Excavation of the Anadoluvius turkae fossil, a significantly well-preserved partial cranium uncovered at the Çorakyerler fossil site in Türkiye in 2015. The fossil includes most of the facial structure and the front part of the brain case.

Photo credit: Ayla Sevim-Erol.

Our findings further suggest that hominines not only evolved in western and central Europe but spent over five million years evolving there and spreading to the eastern Mediterranean before eventually dispersing into Africa, probably as a consequence of changing environments and diminishing forests. The members of this radiation to which Anadoluvius belongs are currently only identified in Europe and Anatolia.

Professor David Burgun, co-corresponding author
Department of Anthropology
Faculty of Arts & Science. Toronto University, Toronto, Canada.
The conclusion is based on analysis of a significantly well-preserved partial cranium uncovered at the site in 2015, which includes most of the facial structure and the front part of the brain case.

The completeness of the fossil allowed us to do a broader and more detailed analysis using many characters and attributes that are coded into a program designed to calculate evolutionary relationships. The face is mostly complete, after applying mirror imaging. The new part is the forehead, with bone preserved to about the crown of the cranium. Previously described fossils do not have this much of the brain case.

Professor David Burgun.
Çorakyerler excavation site. This vertebrate fossil settlement near Çankırı, Türkiye, is one of the most important humanoid settlements in Eurasia. As a result of nearly 20 years of excavations, Çorakyerlar has taken its place among the important Late Miocene reference localities of Anatolia and Europe with 8 mammalian orders, more than 10 families and 43 species.

Photo credit: Ayla Sevim-Erol.
The researchers say Anadoluvius was about the size of a large male chimpanzee (50-60 kg) — very large for a chimp and close to the average size of a female gorilla (75-80 kg) — lived in a dry forest setting, and probably spent a great deal of time on the ground.

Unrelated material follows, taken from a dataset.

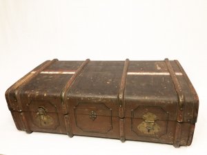 Koffer, Reisekoffer, Schrankkoffer, historisch, Pappe, Holzleisten

We have no limb bones but judging from its jaws and teeth, the animals found alongside it, and the geological indicators of the environment, Anadoluvius probably lived in relatively open conditions, unlike the forest settings of living great apes. More like what we think the environments of early humans in Africa were like. The powerful jaws and large, thickly enameled teeth suggest a diet including hard or tough food items from terrestrial sources such as roots and rhizomes.

Ayla Sevim-Erol, co-corresponding author
Faculty of Languages History and Geography
Department of Anthropology
Ankara University, Ankara, Türkiye.
The animals that lived with Anadoluvius are those commonly associated with African grasslands and dry forests today, such as giraffes, wart hogs, rhinos, diverse antelopes, zebras, elephants, porcupines, hyaenas and lion-like carnivores. Research shows that the ecological community appears to have dispersed into Africa from the eastern Mediterranean sometime after about eight million years ago.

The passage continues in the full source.